The goal was to assign care coordinators to ensure that the enrollees were receiving all needed services in transitioning from hospitals to outpatient settings, without gaps in care. About 600 patients were enrolled in the program in 2010.

However, shortcomings in VA and DOD information systems and in their ability to share data has created problems, GAO said.

For example, current systems are unable to identify individuals eligible for the program. New enrollees are identified through referrals only. Another problem is the inability of VA care coordinators to automatically determine if a service member is enrolled in separate DOD care management programs; DOD case managers are also unable to automatically determine enrollment in the recovery program.

In some cases, lack of such data has resulted in a service member having two separate case managers working on his or her case and preparing separate plans for care. Data incompatibilities also make it difficult for the care coordination program to manage and plan for its caseload, and to monitor performance, the report added.

To improve information sharing, the VA created a new system of records within the Veterans Tracking Application and began sharing with DOD certain enrollment information, such as the names of enrollees, in January 2011, the report states.

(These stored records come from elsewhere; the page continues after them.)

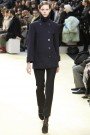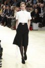 So expectations were high for her second collection. But as Philo said in her interview with T-magazine, she continued her work with great investment pieces in the best fabrics and in her signature clean, sophisticated cut. No frills, but deep blue coats instead, tailoring, short jackets, skinny pants, white (lace) shirts and leather pockets as a contrasting detail at A-line skirts. Ultra-chique and a winner were the white lammy capes. Simple, but feminine.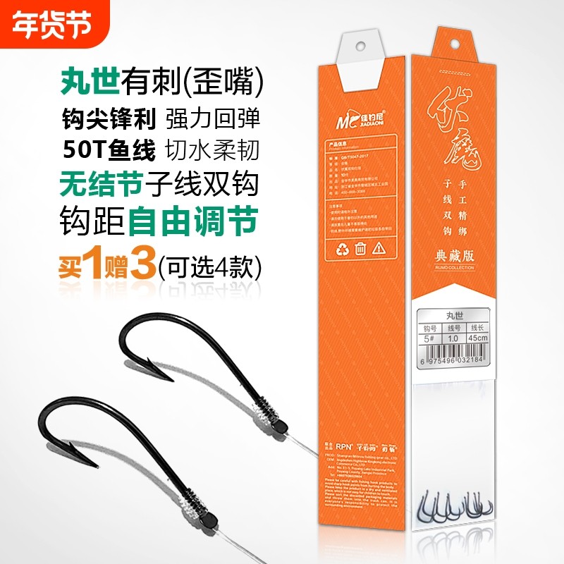 丸世鱼钩正品子线双钩绑好长柄有倒刺鱼钩鱼线组合超硬锋利钓鱼钩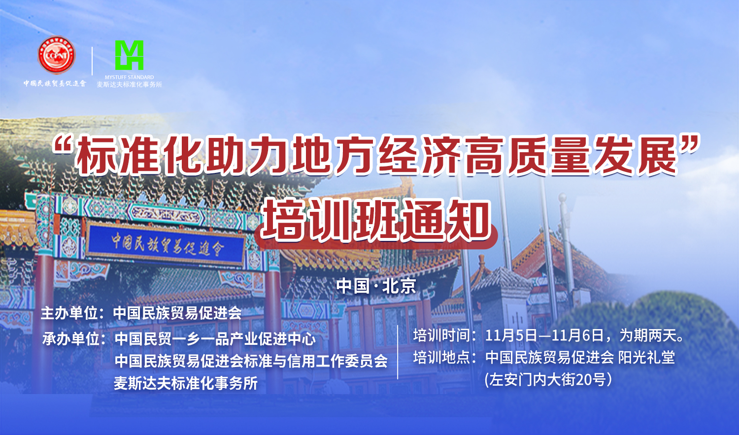 為進(jìn)一步提升中國一鄉(xiāng)一品標(biāo)準(zhǔn)化品牌價(jià)值,順利推動(dòng)標(biāo)準(zhǔn)化工作的落地,有效服務(wù)一鄉(xiāng)一品特色產(chǎn)業(yè)質(zhì)量提升,中國民族貿(mào)易促進(jìn)會(huì)決定舉辦“標(biāo)準(zhǔn)化助力地方經(jīng)濟(jì)高質(zhì)量發(fā)展”培訓(xùn)班?,F(xiàn)將有關(guān)事宜通知如下: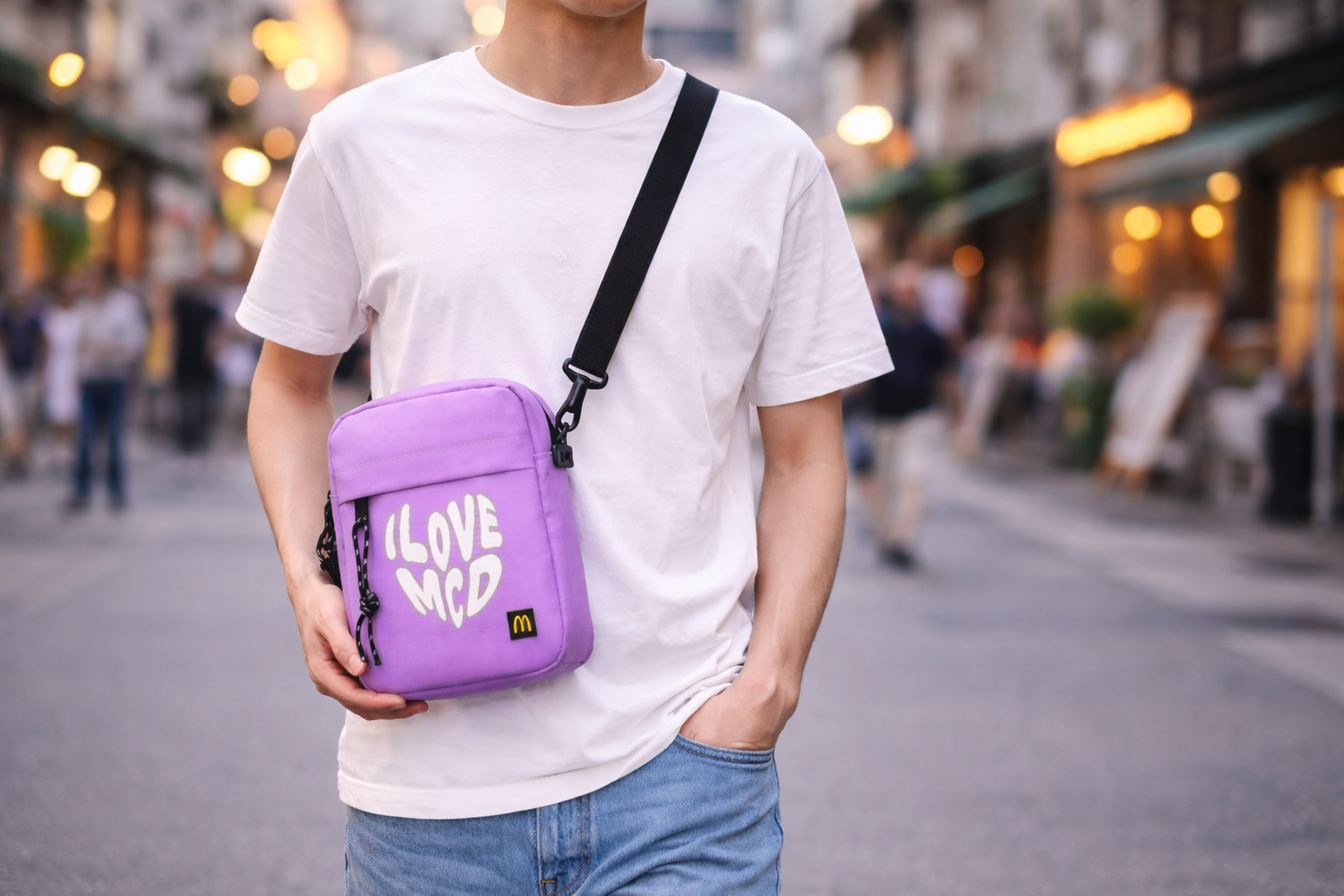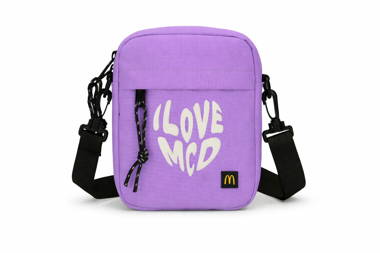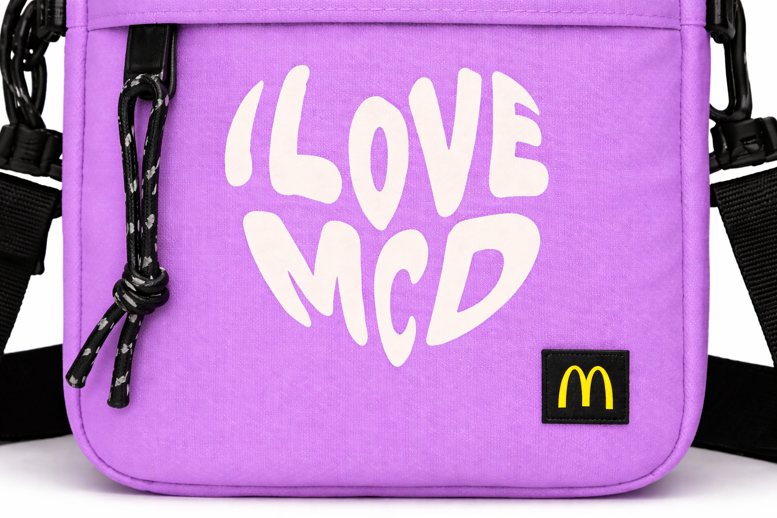 Bolso bandolera en color morado con letras blancas, diseñado para un uso práctico y cómodo en el día a día. Cuenta con interior forrado en poliéster y un tamaño compacto de 21 cm de alto x 16 cm de largo x 5 cm de fuelle, ideal para llevar lo esencial. Además, incorpora bolsillo delantero con cremallera y tirador de goma, además de una correa ajustable de 3 cm de ancho y 140 cm de longitud con hebilla de plástico para mayor confort.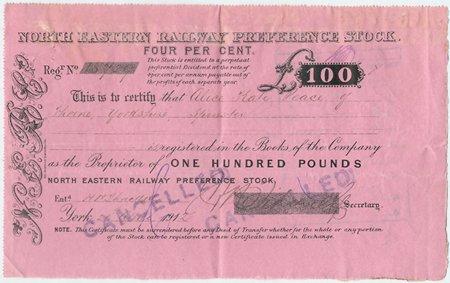 1912, 100 Pounds Preferred Stock. Four Per Cent stock certificate. Black on Purple paper.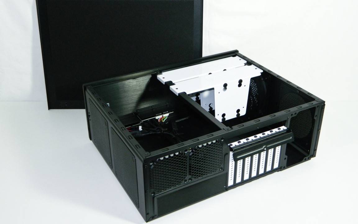 If you want the system for more than playing back videos and music, a video card such as a GTX 660 Ti will fit nicely with one drive bay installed. Otherwise, a GTX 650 Ti will fit without removing anything. A standard PSU will fit without issue. This deserves a section of its own so we’ll cover that in our installation notes in more detail.

In addition, the federal recovery coordination program has started an Information Sharing Initiative to develop plans for direct sharing of data between DOD and VA systems in the future.

“The FRCP executive director explained that this initiative primarily includes identifying the data that need to be exchanged as well as identifying the data systems where these data originate and subsequently developing a technical solution to electronically exchange this information,” the GAO report states.

GAO made several recommendations, including the recording of data in the Veterans Tracking Application to identify factors used in making enrollment decisions.

VA and DOD officials said they generally agreed with the recommendations.

The VA said it anticipates that an initial set of data will be available for exchange between VA and DOD’s wounded warrior information systems by the end of fiscal 2011. The departments plan to expand the exchange of data to support improved collaboration on care plans in fiscal 2012.